Abstract

BACKGROUND Mechanical ventilation is a life-saving procedure for most patients in ICUs. But it has a risk of acquiring respiratory tract infections resulting in high morbidity and mortality. If not treated early, it may lead to ventilator-associated pneumonia (VAP). Early diagnosis and appropriate antibiotic therapy at right time in the right dosage is essential for better clinical outcome. The objectives of the study were to analyse the microbiomes of endotracheal samples and their antimicrobial susceptibility pattern in mechanically ventilated patients in ICUs and to frame an institution based local antibiotic policy especially for them. METHODS A retrospective study was conducted in a tertiary care hospital and sample data was collected which included all adult patients who were mechanically ventilated for various co-morbid conditions in ICUs from January 2019 to December 2019. All the samples were processed for microscopy, culture and antimicrobial susceptibility pattern.
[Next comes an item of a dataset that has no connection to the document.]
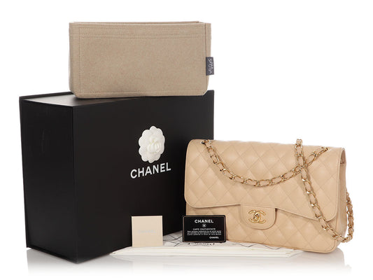 Chanel Jumbo Beige Quilted Caviar Classic Double Flap

RESULTS Among 848 endotracheal samples, 673 (79.4 %) samples were culture positive and 175 (20.6 %) samples were sterile. Most common organism was Acinetobacter spp (N=240) followed by Klebsiella spp (N=225) and Pseudomonas spp (N=97). In our study, polymicrobial infections were 186(21.7 %). Sixty-eight percent of organisms were multidrug-resistant. Carbapenem resistance was 58 %. CONCLUSIONS The most common complication of mechanical ventilation is an endotracheal infection which in turn leads to prolonged stay in hospital, morbidity and mortality. It is essential to know about the local microbiome and its antibiotic susceptibility pattern. KEY WORDS Microbiome-human, Antibiogram, Endotracheal Intubation.